[Exercise description]
Take the material below and extract the lines from the one with "Simple lash with" through the one with "นีเวีย เซรั่มทาผิว บอดี้", word for word, without pictures.

[Entries supplied]
· · · · · · ·

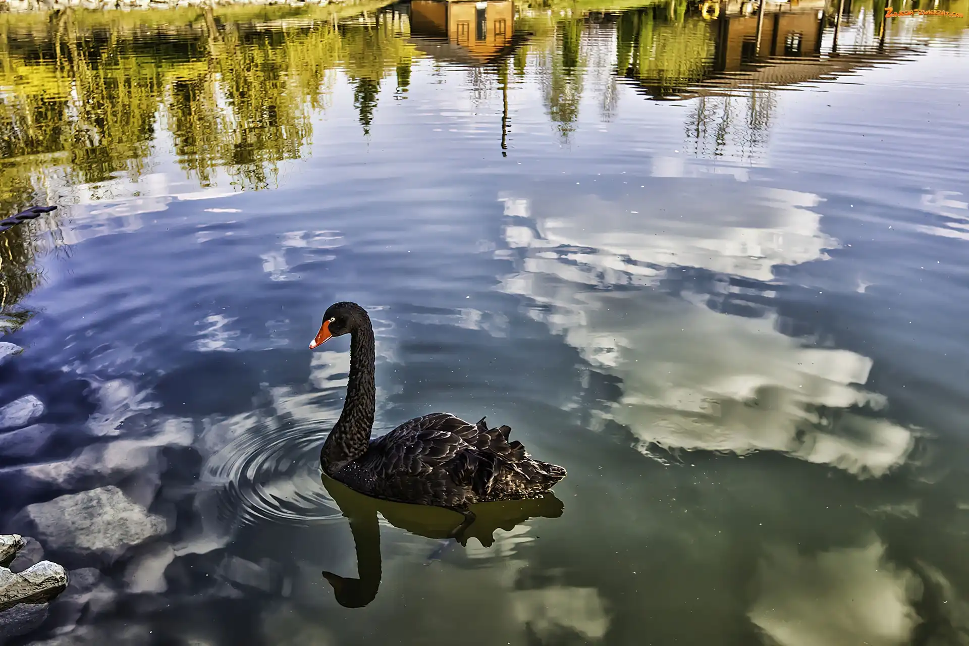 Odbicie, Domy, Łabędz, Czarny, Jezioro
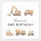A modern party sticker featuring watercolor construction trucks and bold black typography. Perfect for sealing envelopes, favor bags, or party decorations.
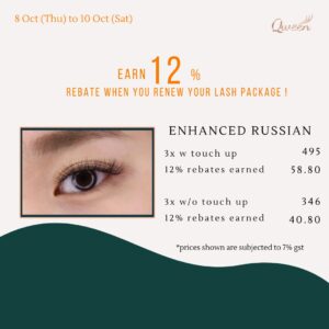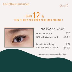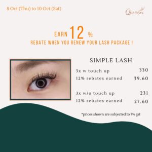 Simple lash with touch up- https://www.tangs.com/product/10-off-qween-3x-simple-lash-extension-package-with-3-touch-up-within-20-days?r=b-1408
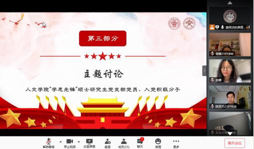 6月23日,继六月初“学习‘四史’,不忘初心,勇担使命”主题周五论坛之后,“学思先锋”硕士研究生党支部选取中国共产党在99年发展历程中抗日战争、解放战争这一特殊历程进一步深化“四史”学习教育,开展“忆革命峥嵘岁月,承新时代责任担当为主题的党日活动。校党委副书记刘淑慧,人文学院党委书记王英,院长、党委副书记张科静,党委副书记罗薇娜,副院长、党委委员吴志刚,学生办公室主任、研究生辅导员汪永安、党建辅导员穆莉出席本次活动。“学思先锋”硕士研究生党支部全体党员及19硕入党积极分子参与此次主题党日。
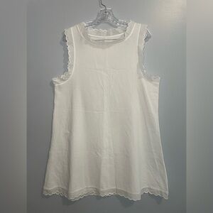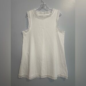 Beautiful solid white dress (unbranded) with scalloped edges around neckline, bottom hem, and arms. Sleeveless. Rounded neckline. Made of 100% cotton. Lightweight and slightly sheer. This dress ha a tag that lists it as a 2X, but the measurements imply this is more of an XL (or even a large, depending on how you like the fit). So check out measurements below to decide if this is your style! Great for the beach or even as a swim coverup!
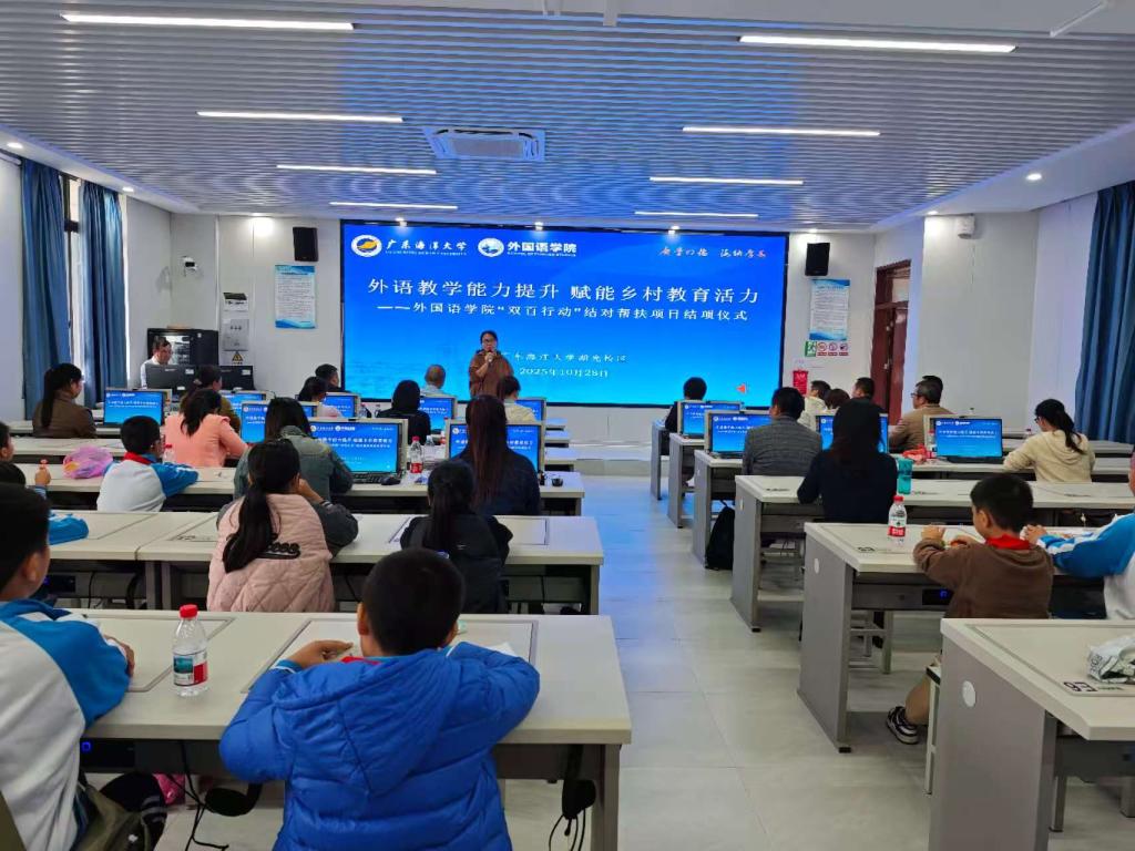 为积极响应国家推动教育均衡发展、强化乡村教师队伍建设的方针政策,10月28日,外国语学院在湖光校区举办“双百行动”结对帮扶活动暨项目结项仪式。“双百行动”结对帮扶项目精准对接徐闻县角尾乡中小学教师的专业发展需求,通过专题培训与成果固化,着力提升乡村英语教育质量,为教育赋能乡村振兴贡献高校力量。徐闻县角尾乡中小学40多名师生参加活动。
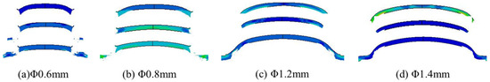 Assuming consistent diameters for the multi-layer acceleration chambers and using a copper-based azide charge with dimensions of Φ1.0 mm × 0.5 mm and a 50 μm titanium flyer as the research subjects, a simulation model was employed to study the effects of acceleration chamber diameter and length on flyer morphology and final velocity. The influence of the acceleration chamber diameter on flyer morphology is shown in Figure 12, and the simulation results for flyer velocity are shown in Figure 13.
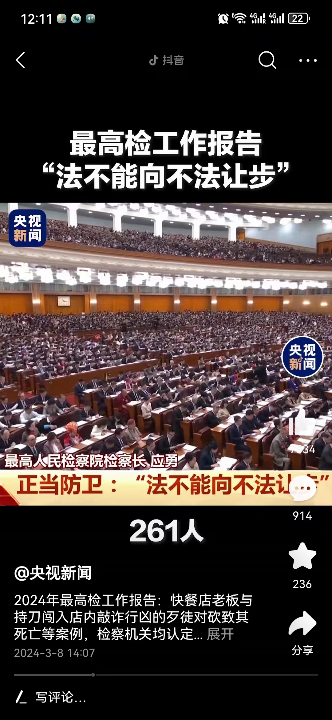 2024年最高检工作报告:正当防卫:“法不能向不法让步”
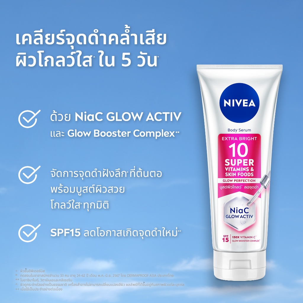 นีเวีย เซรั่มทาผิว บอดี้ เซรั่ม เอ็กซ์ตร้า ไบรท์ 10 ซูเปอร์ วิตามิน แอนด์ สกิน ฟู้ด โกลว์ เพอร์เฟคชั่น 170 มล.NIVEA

· · · · · · ·

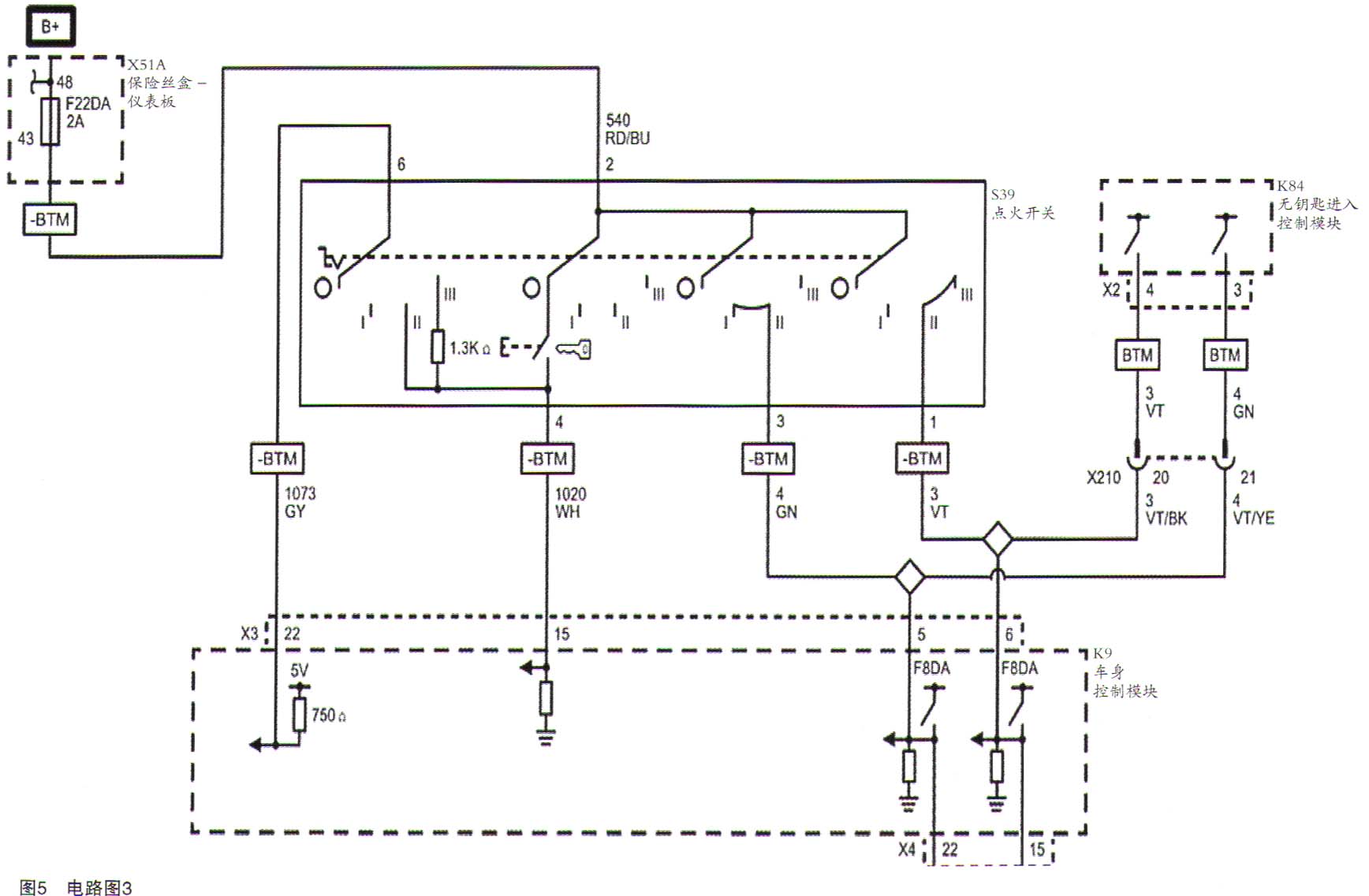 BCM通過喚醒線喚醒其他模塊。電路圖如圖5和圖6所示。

· · · · · · ·

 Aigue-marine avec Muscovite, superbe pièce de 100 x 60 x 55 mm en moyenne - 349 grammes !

· · · · · · ·

[Problem solution]
 Simple lash with touch up- https://www.tangs.com/product/10-off-qween-3x-simple-lash-extension-package-with-3-touch-up-within-20-days?r=b-1408
 6月23日,继六月初“学习‘四史’,不忘初心,勇担使命”主题周五论坛之后,“学思先锋”硕士研究生党支部选取中国共产党在99年发展历程中抗日战争、解放战争这一特殊历程进一步深化“四史”学习教育,开展“忆革命峥嵘岁月,承新时代责任担当为主题的党日活动。校党委副书记刘淑慧,人文学院党委书记王英,院长、党委副书记张科静,党委副书记罗薇娜,副院长、党委委员吴志刚,学生办公室主任、研究生辅导员汪永安、党建辅导员穆莉出席本次活动。“学思先锋”硕士研究生党支部全体党员及19硕入党积极分子参与此次主题党日。
 Beautiful solid white dress (unbranded) with scalloped edges around neckline, bottom hem, and arms. Sleeveless. Rounded neckline. Made of 100% cotton. Lightweight and slightly sheer. This dress ha a tag that lists it as a 2X, but the measurements imply this is more of an XL (or even a large, depending on how you like the fit). So check out measurements below to decide if this is your style! Great for the beach or even as a swim coverup!
 为积极响应国家推动教育均衡发展、强化乡村教师队伍建设的方针政策,10月28日,外国语学院在湖光校区举办“双百行动”结对帮扶活动暨项目结项仪式。“双百行动”结对帮扶项目精准对接徐闻县角尾乡中小学教师的专业发展需求,通过专题培训与成果固化,着力提升乡村英语教育质量,为教育赋能乡村振兴贡献高校力量。徐闻县角尾乡中小学40多名师生参加活动。
 Assuming consistent diameters for the multi-layer acceleration chambers and using a copper-based azide charge with dimensions of Φ1.0 mm × 0.5 mm and a 50 μm titanium flyer as the research subjects, a simulation model was employed to study the effects of acceleration chamber diameter and length on flyer morphology and final velocity. The influence of the acceleration chamber diameter on flyer morphology is shown in Figure 12, and the simulation results for flyer velocity are shown in Figure 13.
 2024年最高检工作报告:正当防卫:“法不能向不法让步”
 นีเวีย เซรั่มทาผิว บอดี้ เซรั่ม เอ็กซ์ตร้า ไบรท์ 10 ซูเปอร์ วิตามิน แอนด์ สกิน ฟู้ด โกลว์ เพอร์เฟคชั่น 170 มล.NIVEA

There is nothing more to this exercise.